For pixel-level annotations, Sedeen,Footnote 1 a pathology image viewer, was used. Various structures were labeled with different names and corresponding colors as follows: epidermis (EP) in blue, dermis (DE) in yellow, stratum corneum (COR) in pink, epidermal nests (EPN, corresponding to epidermal melanocytic nests) in dark green, and dermal nests (DMN, corresponding to dermal melanocytic nests) in light green. Using the threshold-based segmentation method of [20], the background (BG) was detected and added to the labels in gray. We followed existing segmentation dataset annotation protocols (e.g., Cityscapes) and marked the pixels that do not correspond to any informative entity as unlabeled (UL) in black.

Method and Model

Medical imaging literature has witnessed great progress in the design and performance of deep convolutional models for medical image segmentation [13]. Thus, we utilized a CNN for our task of semantic segmentation.


Since the labeling was done on ROIs, we started the process of training and evaluation on ROIs. As the preprocessing step, cropping, resizing, and augmentation were performed on these images.

Cropping and Resizing

Since the ROI sizes vary from ~ 480 × 360 to ~ 23,500 × 22,400, we chose the smallest size of 480 × 360 as the model input. However, resizing the biggest crop of 23,500 × 22,400 to such a small size (480 × 360) can significantly impact the information that can be acquired from such images. Instead, we follow a standard approach wherein bigger ROIs are divided into patches, and then patch-level segmentation masks are generated and combined to produce a ROI-level segmentation mask [21, 22]. In particular, for bigger ROIs, we extract patches of size 1440 × 1080 and then resize them to 480 × 360 before feeding them to the model. The segmentation output is then upsampled using nearest-neighbor interpolation to produce the segmentation mask that is of the same size as the patch before resizing.


We used various augmentation techniques such as horizontal flipping, affine transformation, perspective transformation, brightness/contrast/color manipulations, image blurring, sharpening, Gaussian noise, and random cropping to improve the robustness of our model. We used the fast augmentation library for these augmentation techniques [23].

Data Split

For a fair evaluation of the model, we divided the ROI dataset into two subsets, the training and testing sets, with a ratio of 80/20, respectively. The testing set was kept unseen from the model until the last step of the final evaluation. The training set is further split into train and validation sets, with a ratio of 80/20. We use the validation set for monitoring the training process and model selection and the testing set for the evaluation. Training, validation, and testing samples are all from different patients. While splitting the dataset, we were careful not to include any patient data from the training set in the testing or validation sets.

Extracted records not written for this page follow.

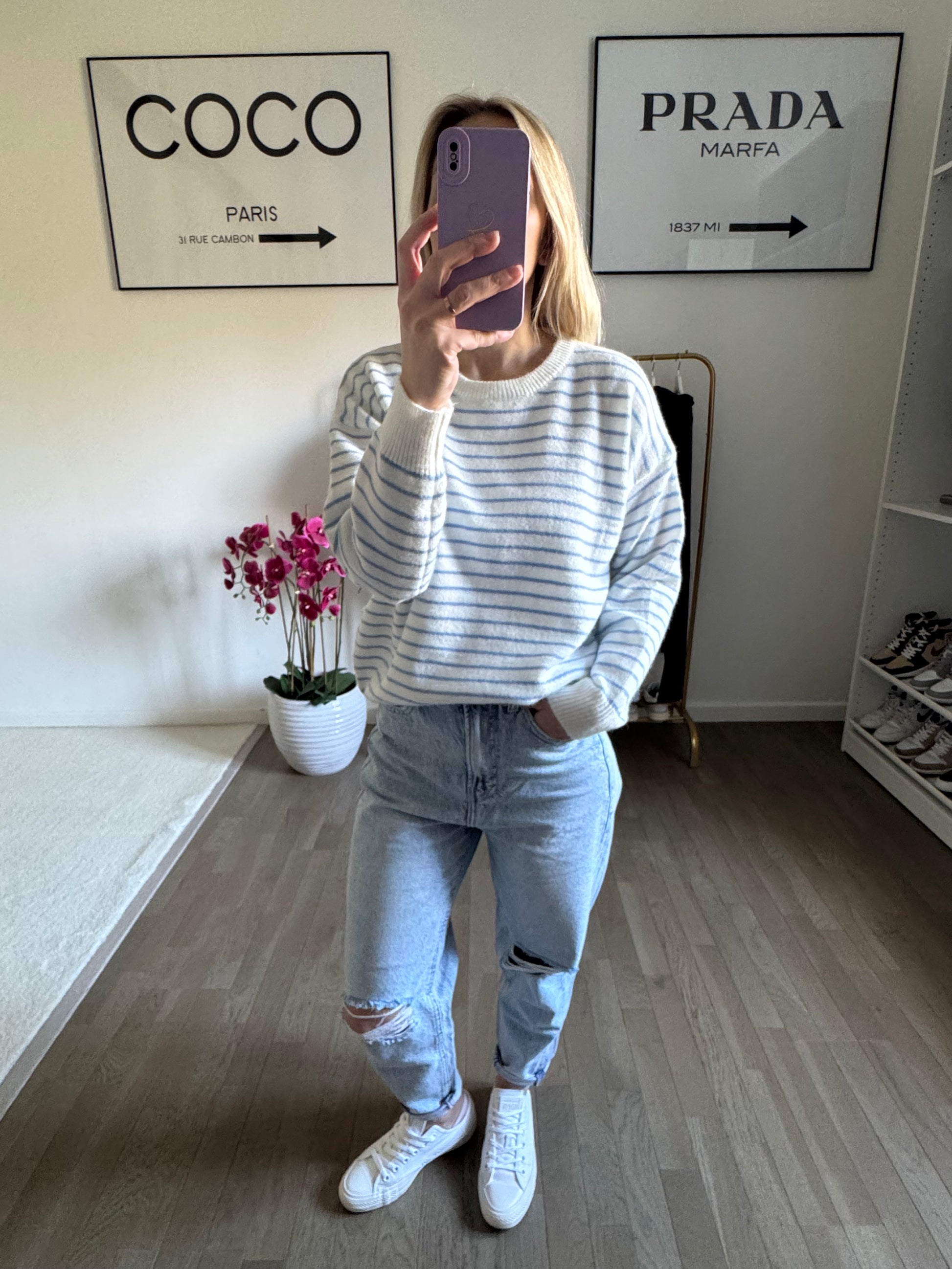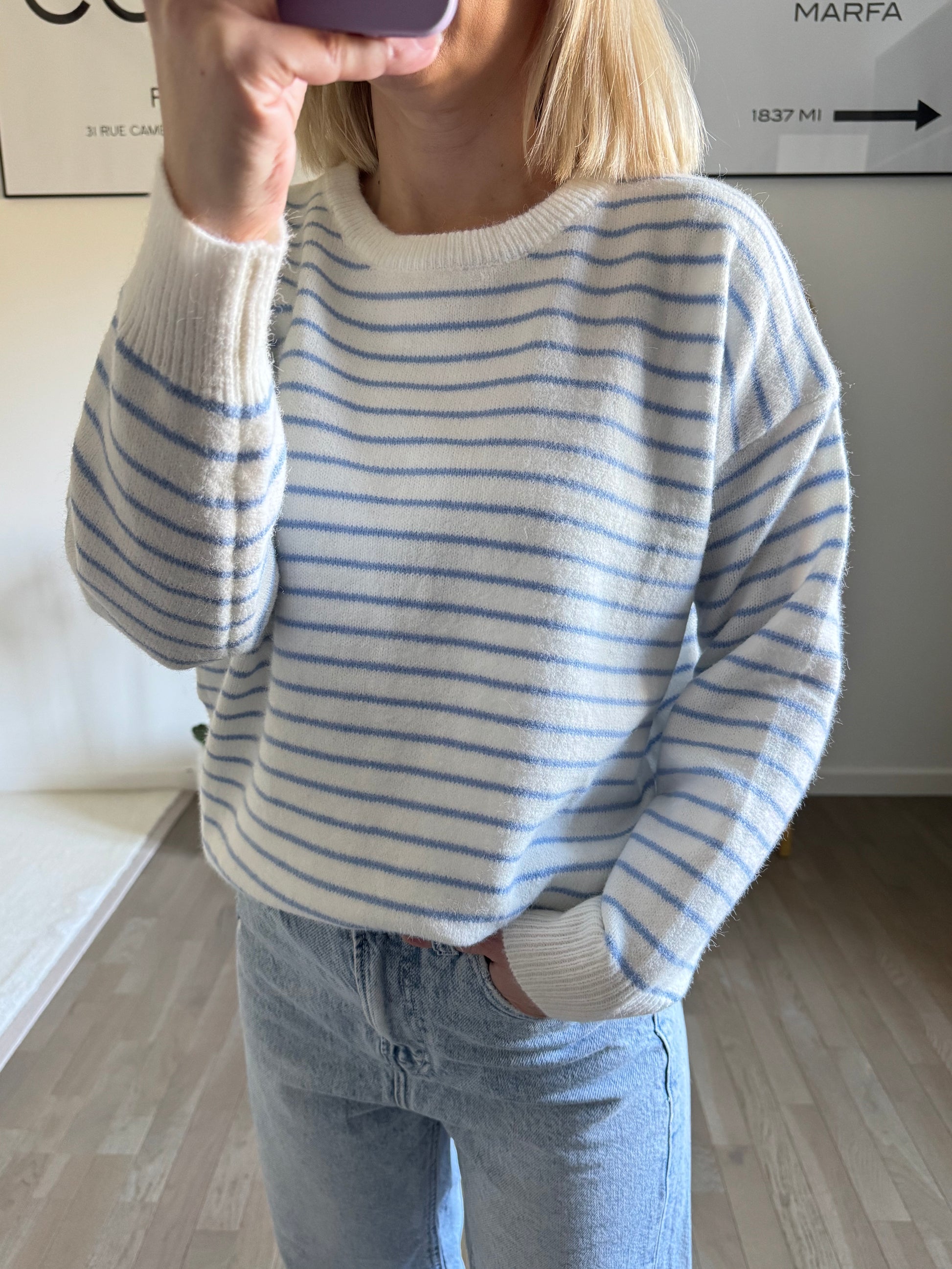 Ce pull marin est un indispensable pour votre garde-robe. Avec ses rayures blanches et bleu ciel, il mettra en valeur votre style.
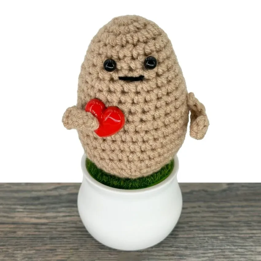 Brighten someone's day with this delightful positive potato crochet in pot. This charming crochet creation features an adorable potato design with a cheerful expression, sitting snugly in a neatly crafted pot with vibrant green accents. It is a unique and meaningful gift that spreads positivity and inspires smiles. Perfect for any occasion, this crochet potato design is an excellent decorative item for desks, shelves, or any space that could use a touch of charm and motivation.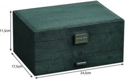 Ez a tágas bőrönd strapabíró anyagokkal is meg van védve, amelyek védelmet nyújtanak a sérülések, ütődések és por ellen. Elegáns dizájnja ezüst részletekkel klasszikus megjelenést és esztétikai vonzerőt kölcsönöz, így ékszerei csodálatosan néznek ki bárhol, ahol elhelyezi őket.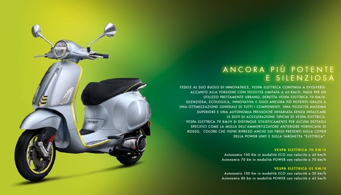 Febbraio 2020 – Vespa Elettrica: silenziosa, connessa, personalizzabile. La migliore tecnologia non è mai stata così cool. Tutti i valori di Vespa si realizzano in Vespa Elettrica, ora anche nella nuova versione da 70 km/h. Qui le immagini, tratte dalla nuova brochure Vespa Elettrica 2020.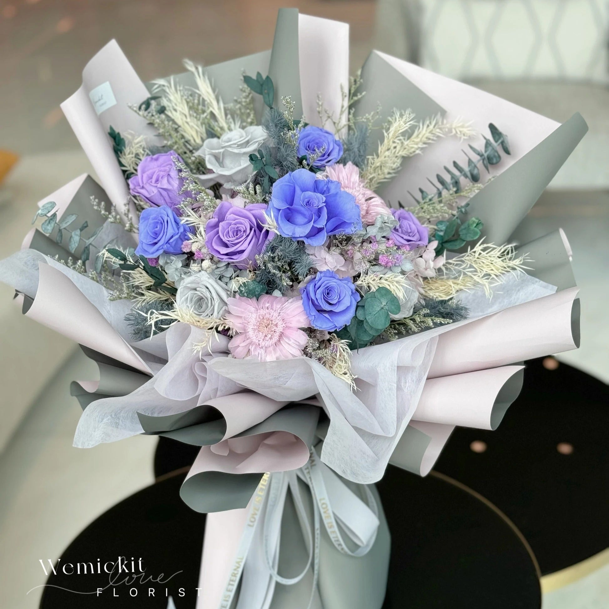 Brighten up your space with this stunning bouquet of purple and blue flowers, elegantly arranged on a table. Perfect for adding a touch of color and charm to any room, this floral display is ideal for special occasions or simply to enjoy the beauty of nature indoors. Each bloom is carefully selected to create a harmonious blend, making it a delightful centerpiece or a thoughtful gift for someone special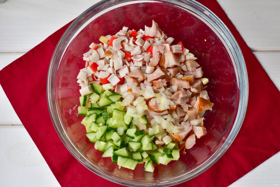 Салат с курицей и крабовыми палочками рецепт с фото пошагово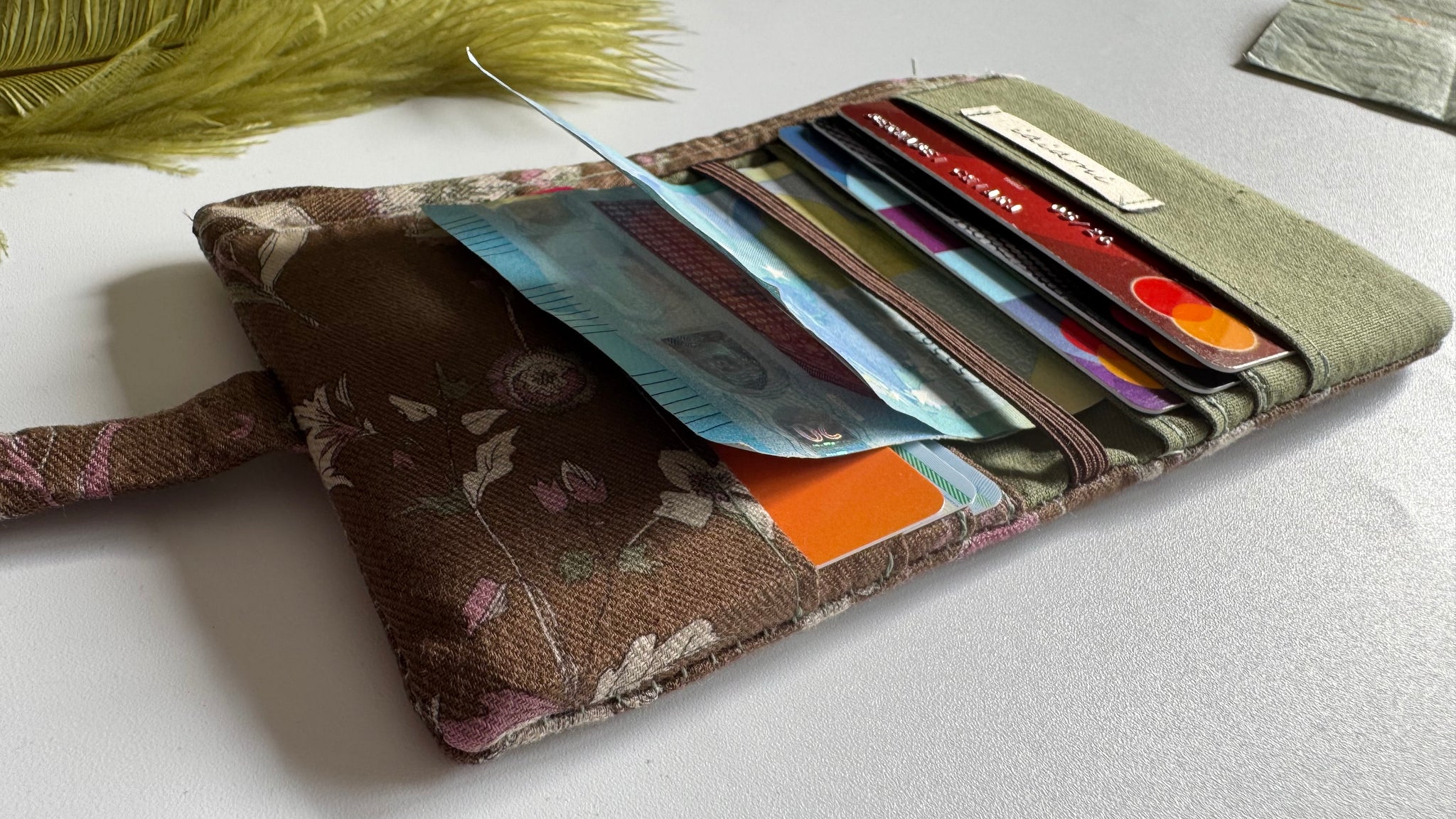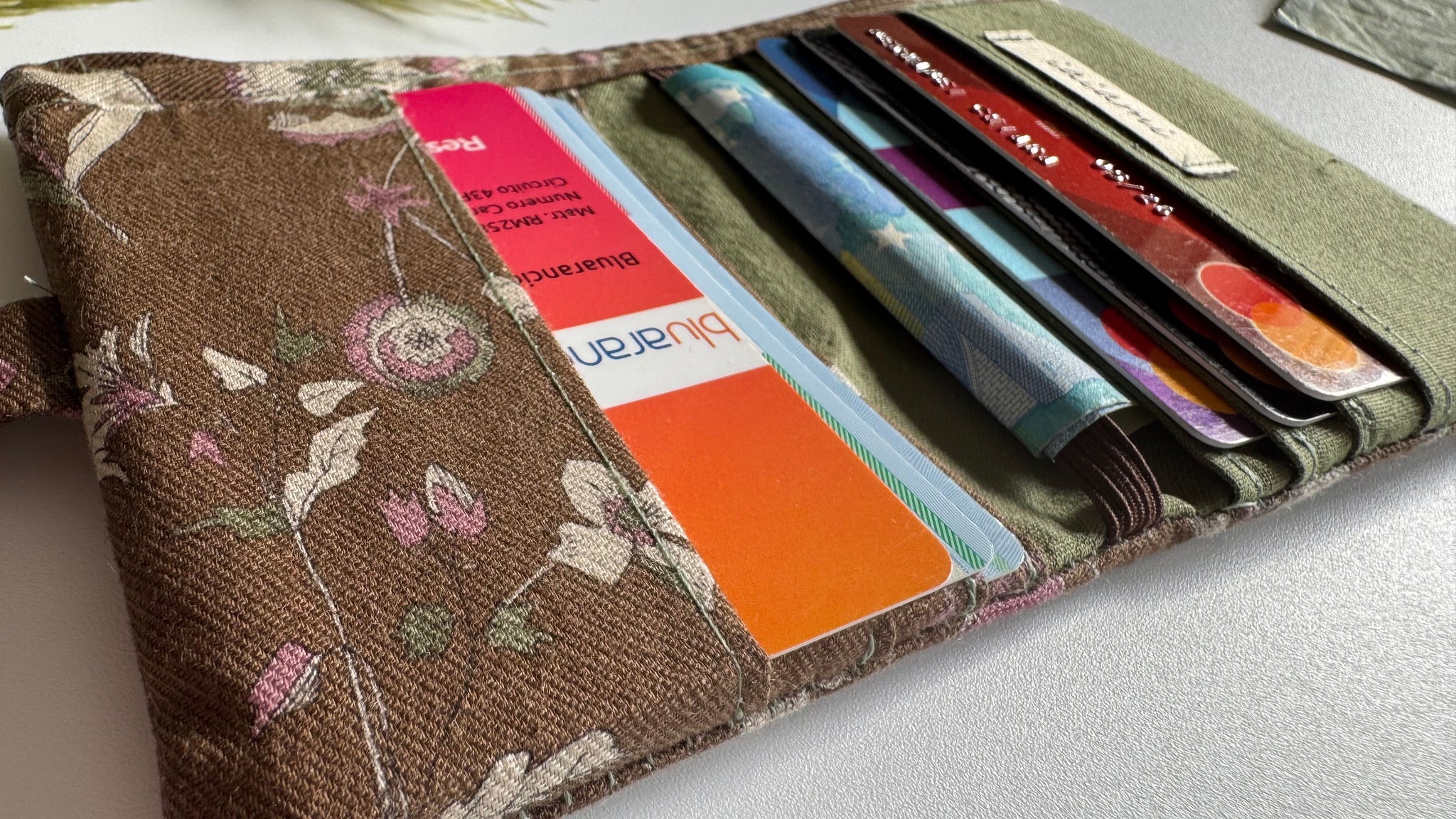 Il portafoglio è in tessuto di cotone, il tessuto e’ stato acquistato a Tokyo durante il mio viaggio in Giappone.

The U-Net architecture of [22] is a well-known segmentation network and has shown good performance across different biomedical segmentation applications, such as MRI images [24], COVID-19 [25], skin lesion images [26], and lung, heart, and clavicle X-ray images [27].

We extended the U-Net encoder–decoder model for segmenting skin biopsy images. We used the implementation of U-Net by [28] in our work. We used ResNet-34 [29] pretrained on the ImageNet dataset [30] as the encoder and a standard U-Net decoder [28].Footnote 2

Two-Stage Pipeline

Skin biopsy images have entities of variable size. Entities like the dermis and epidermis are large and easy to segment [15], while entities like dermal and epidermal nests are small and more difficult to segment. This issue becomes especially more troublesome when the smaller entities have sparser labeling compared to the larger entities. Hence, if the segmentation model is trained in a single-stage with all the labels at once, the model will perform better on larger entities and not as well on the smaller ones.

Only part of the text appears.